Das finanzgerichtliche Verfahren ist vom Amtsermittlungsgrundsatz geprägt, sodass das Finanzgericht nicht nur berechtigt, sondern verpflichtet ist, einen den Kläger begünstigenden Fehler des Finanzamtes im Rahmen der Klageanträge zu seinen Lasten zu berücksichtigen (Saldierungsgebot). Ein solcher Hinweis an die Beteiligten zur Vermeidung einer Überraschungsentscheidung verletzt die dem Finanzgericht obliegende Neutralitätspflicht nicht.

Der Hinweis des Richters auf einen begünstigenden Fehler – und seine Neutralitätspflicht

Der aus Art. 2 Abs. 1 des Grundgesetzes in Verbindung mit dem Rechtsstaatsprinzip und dem Gebot effektiven Rechtsschutzes abgeleitete Anspruch auf ein faires Verfahren verlangt als „allgemeines Prozessgrundrecht“, dass der Richter das Verfahren so gestalten muss, wie die Parteien beziehungsweise Beteiligten es von ihm erwarten dürfen. Er darf sich nicht widersprüchlich verhalten, insbesondere aber darf er aus eigenen oder ihm zuzurechnenden Fehlern oder Versäumnissen keine Verfahrensnachteile für die Beteiligten ableiten und ist allgemein zur Rücksichtnahme gegenüber den Verfahrensbeteiligten in ihrer konkreten Situation verpflichtet[1]. Ob der Richter hierbei die Pflicht zur Neutralität und Unparteilichkeit verletzt‚ ist nicht allgemein und abstrakt klärbar, sondern kann allein anhand der jeweiligen Umstände des Einzelfalls beurteilt werden; denn Inhalt und Umfang der Hinweispflichten des § 76 Abs. 2 FGO richten sich wesentlich nach den jeweiligen Umständen des Einzelfalls[2].

Im Übrigen ist das finanzgerichtliche Verfahren vom Amtsermittlungsgrundsatz (§ 76 Abs. 1 Satz 1 FGO) geprägt.
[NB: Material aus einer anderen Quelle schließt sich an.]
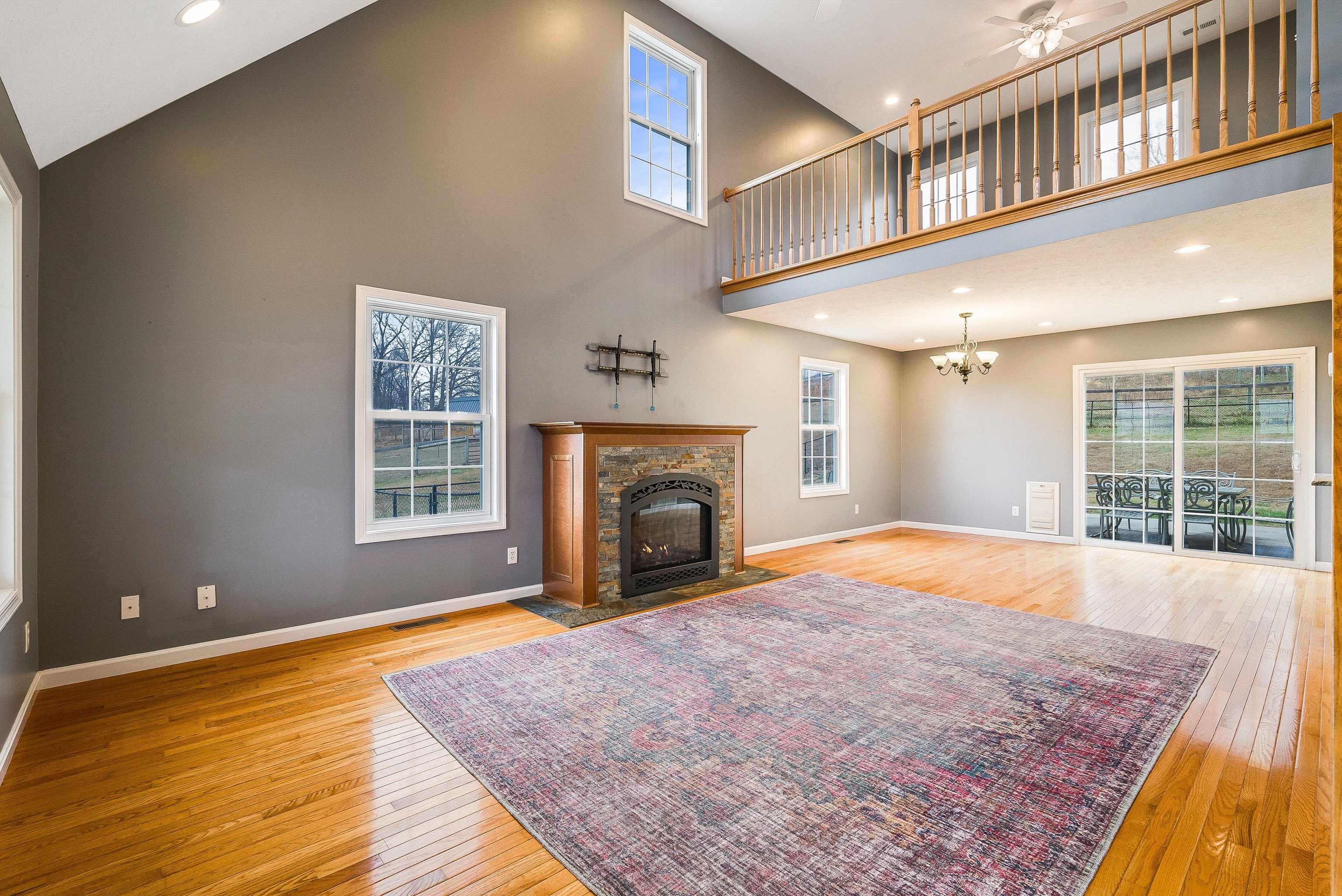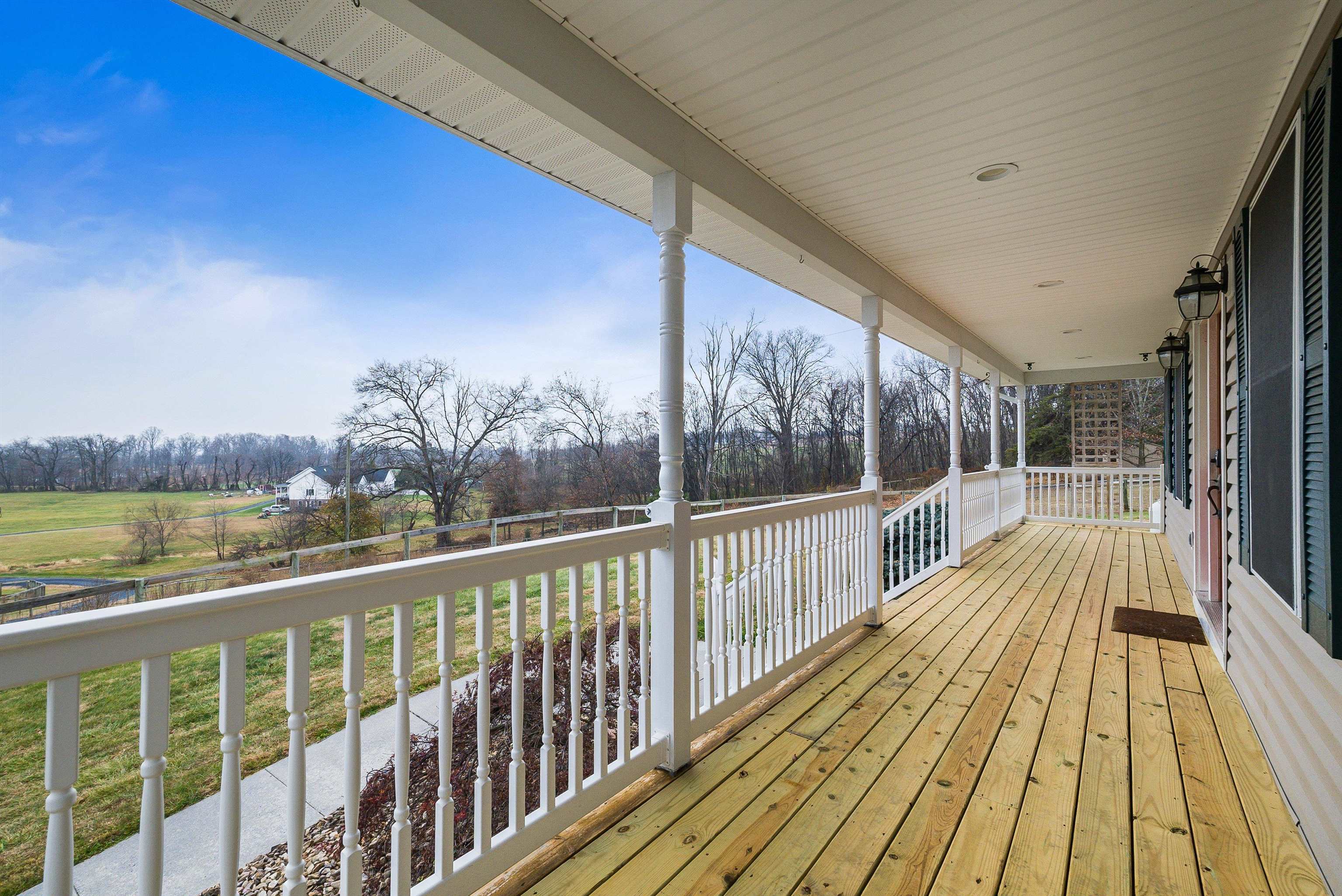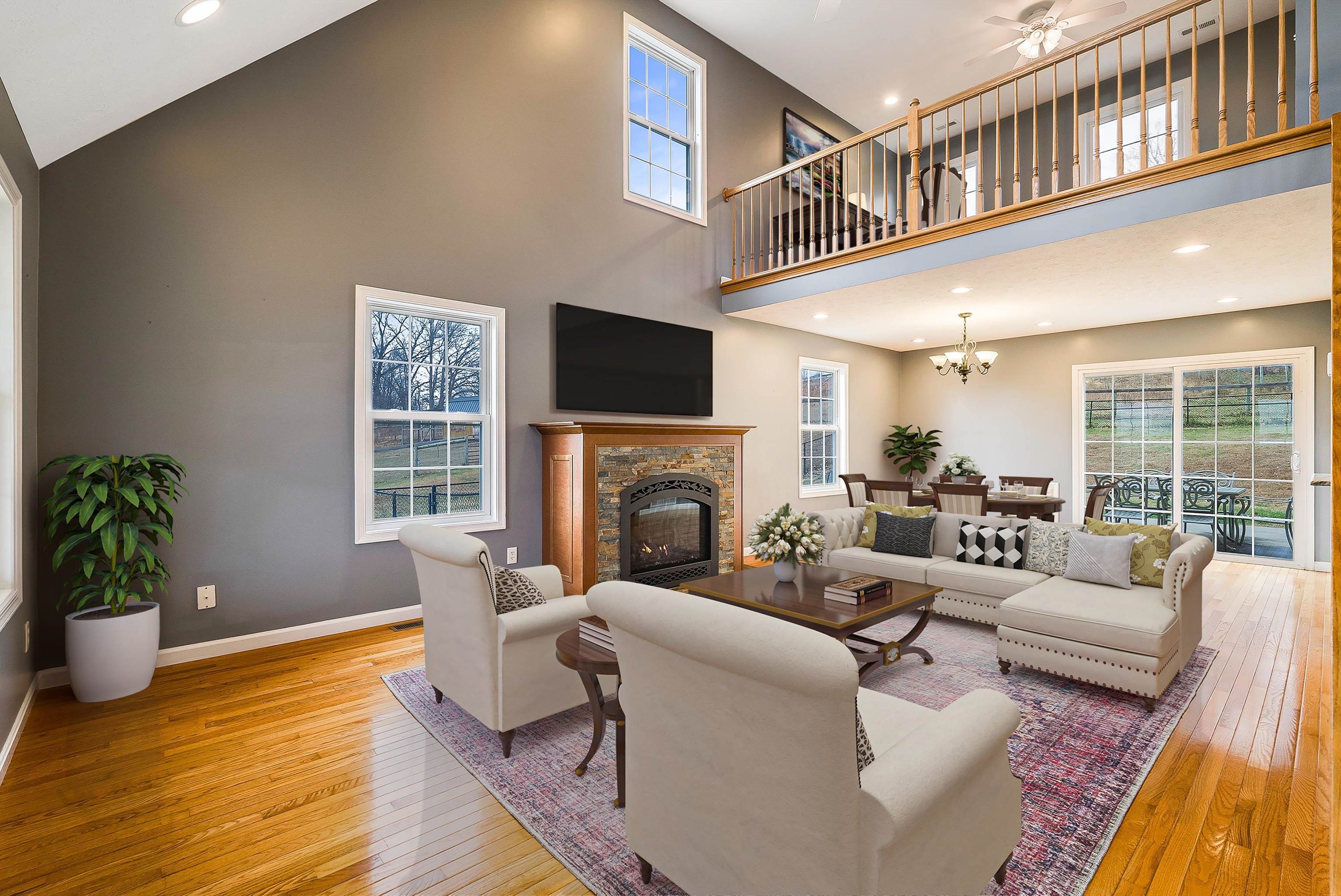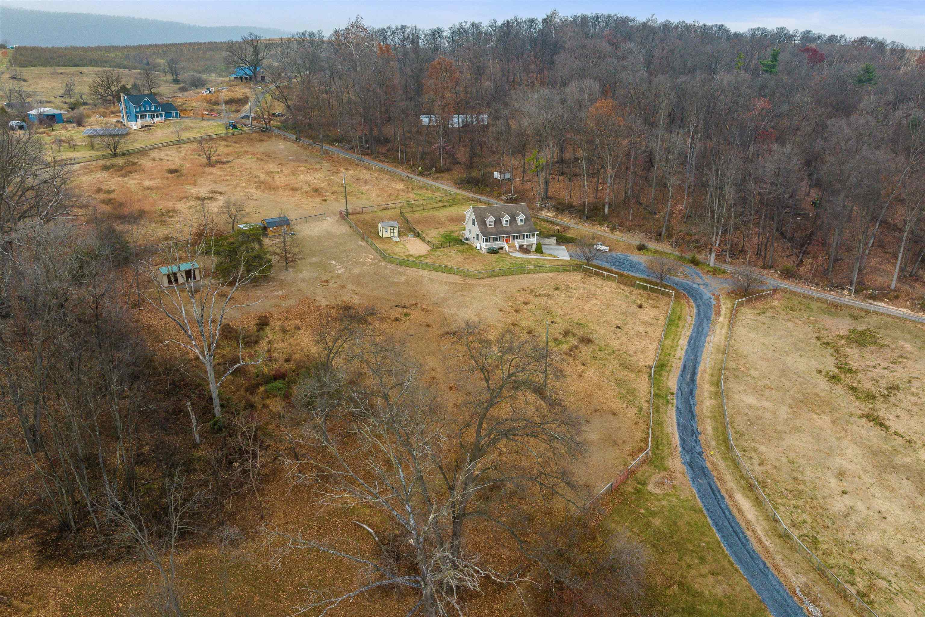 Welcome to this beautifully improved farmette offering comfort, charm, and functionality. This Cape Cod 3-bed, 3.5-bath home features a covered front porch with mountain views, a living room with hardwood floors, gas fireplace, and vaulted ceilings, plus a dining area that opens to the back patio. The kitchen, renovated in 2019, includes stainless steel appliances, double wall oven, induction cooktop, soft-close cabinetry, and leathered granite countertops, with a laundry closet and half bath nearby. The main-level suite adds a double vanity, jetted tub, and shower/tub combo. Upstairs offers an open loft with hardwood floors, two bedrooms, and a full bath. The lower level provides a spacious rec room and full bath. A two-car garage adds convenience. Equestrian features include a large 2015 barn with 4 stalls, wash stall, tack room with electric baseboard heat, and hay loft; 4 fenced paddocks (2015), 2 run-ins, a garden shed, and extra outbuilding. New porch decking completed 2025. A turnkey farmette, equestrian setup, or serene country retreat.

Das Finanzgericht ist nicht nur berechtigt, sondern verpflichtet, einen den Kläger begünstigenden Fehler des Finanzamts im Rahmen der Klageanträge zu seinen Lasten zu berücksichtigen (sog. Saldierungsgebot)[3]. Zur Vermeidung einer Überraschungsentscheidung kann es verpflichtet sein, auf eine mögliche Saldierung vorab hinzuweisen[4]. Ein solcher Hinweis an die Beteiligten ist keine Verletzung der Neutralitätspflicht[5].

 

Bundesfinanzhof, Beschluss vom 10. Januar 2024 – XI B 24/22

  1. vgl. dazu BVerfG, Beschlüsse vom 06.04.1998 – 1 BvR 2194/97, NJW 1998, 2044; vom 18.07.2013 – 1 BvR 1623/11, NJW 2014, 205; BFH, Beschlüsse vom 05.02.2014 – X B 138/13, BFH/NV 2014, 720, Rz 25 ff.; vom 16.03.2016 – X B 202/15, BFH/NV 2016, 1050, Rz 15 ff.[]
  2. vgl. BFH, Beschlüsse vom 04.06.2003 – X B 16/02, BFH/NV 2003, 1212, unter II. 1.a bb; vom 16.03.2016 – X B 202/15, BFH/NV 2016, 1050, Rz 14[]
  3. vgl. BFH, Entscheidungen vom 26.09.2005 – XI B 57/04, BFH/NV 2006, 517, unter 2.a; vom 19.05.2021 – X R 20/19, BFHE 273, 237, Rz 83[]
  4. vgl. BFH, Beschluss vom 26.06.2021 – VIII B 46/20, BFH/NV 2021, 1511[]
  5. vgl. BFH, Beschluss vom 23.03.1995 – XI B 166/94, BFH/NV 1995, 998[]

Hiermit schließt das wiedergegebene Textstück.